“There’s no need to worry” was the message that Riad Salameh, the governor of Lebanon’s central bank Banque Du Liban, famously delivered to the Lebanese people when hints that Lebanon was heading into a financial crisis became too obvious not to address.
Salameh meant to reassure the Lebanese traders and citizens, who were beginning to feel the danger lurking around their businesses as the value of one US dollar became equivalent to that of 1,800 Lebanese pounds in the black market, that all was fine and the Lira healthy as ever.
A little less than three months later, today, a single dollar bill is equal to more than 2,000 LBP in the market, and the latest clues and analysis reports predict a continued decline in that value, which will expectedly reach up to 3,000 LBP soon.
Moreover, a few days ago, a reporter asked the same governor of the central bank about his personal prediction regarding the current financial situation and the state of the Lebanese pound, and his infamous response was simply: “No one knows.”
Not an answer anyone would want to hear coming from the one man who’s supposed to know the most in the country’s financial scene. So now that the Lebanese currency is officially in danger, what is the central bank doing about it?
Printing more Lebanese currency; 13 trillion Lebanese pounds in 50 and 100 thousand bills to be precise. In weight, that is equal to 9 tonnes of paper money.
It might sound like an appealing action: to print more and more cash and let it flow into the Lebanese market. However, printing more money is not the answer to the critical situation, it actually has an even more detrimental effect on the economy and the citizens.
According to Lebanese Economist Dr. Elie Yachoui, as per the law, the central bank has the right to print the currency in three cases: The first case is when its reserves of gold and foreign currencies increase, which is the opposite of the reality of the situation today.

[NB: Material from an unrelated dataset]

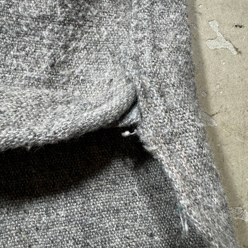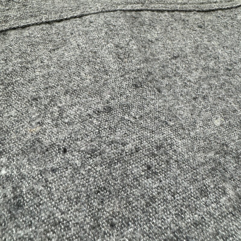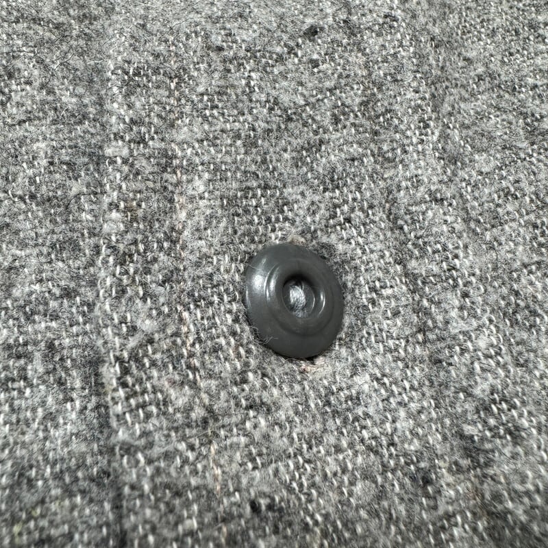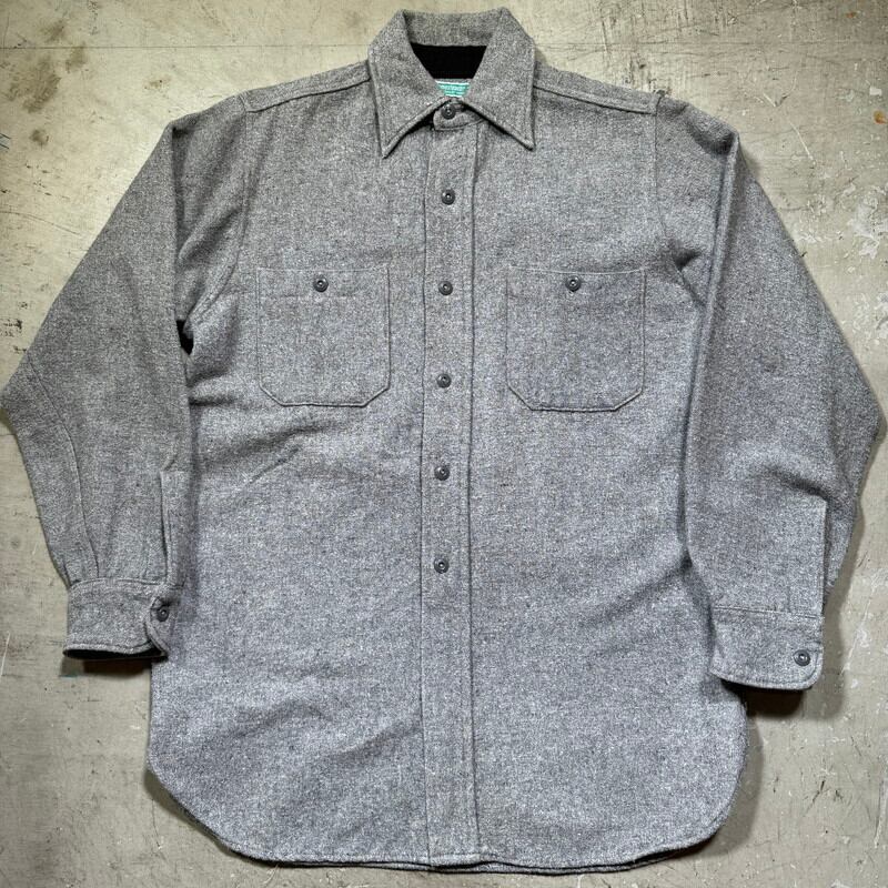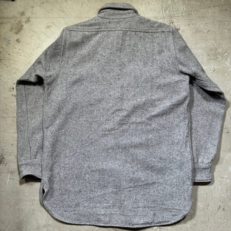 30年代から40年代頃のHomesteaderウールワークシャツです。1872年に創業したMONTGOMERY WARD(モンゴメリーワード)が展開していたワークブランドです。モンゴメリーワードのプライベートブランドではPIONEERやPOWR HOUSEが有名ですが、ご紹介するこのHomesteaderはシャツ等を中心に製造していたようです。ごま塩とも呼ばれるグレーにブラックのネップが入るウール地が使われております。先細りの襟先に台襟仕様で樹脂製のボタンは全てオリジナルで揃っています。サイドには小ぶりなマチが付きます。このタグに似たもので後年のモデルも存在しますが、こちらのシャツの方がより古い個体となります。全体的にネップ特有の毛羽立ちや毛玉はございます。袖先にうっすらとしたシミはございますがその他目立つダメージや汚れは特に無く年代を考慮してもコンディションの良い1着です。サイズ表記はございませんが、S~M相当です。Homesteaderブランド自体出現率はかなり低いと思いますが、この年代の物になるとほとんど見つからないのではないでしょうか。サイズがやや小さめですのでサイズが合う方は是非この機会にいかがでしょうか。

The second case is when the debt ratios of commercial banks rise, and the third case is when deficits of the public treasury grow and it becomes urgent to cover them.
And since the first case is not applicable, this means that the central bank is not printing money as a result of an increase in gold and foreign currency reserves, but to cover the debts of banks and the treasury.
The expert economist said: “The basis of the printing process was saving the state from bankruptcy, but the solution to the liquidity crisis in the treasury came at the expense of the Lira, and everyone who gets their salary in the local currency, be it in the private or the public sector.”
Furthermore, printing more Lebanese pounds when the reserves of foreign currencies (especially the US dollar) are depleting by the day, in turn, means that the value of the pound will continue to drop in the face of these currencies.
As expected, Lebanese people will be the most harmed by this drop because it will directly impact the local market, and prices will soar as a result.
Dr. Yachoui explained, “Most probably, the [exchange rate] will reach 3,000 Liras, and this is a scientific issue, not an issue of astrology or [fortune reading] because the Bank of Lebanon does not have the ability to cover the value of the Lira.”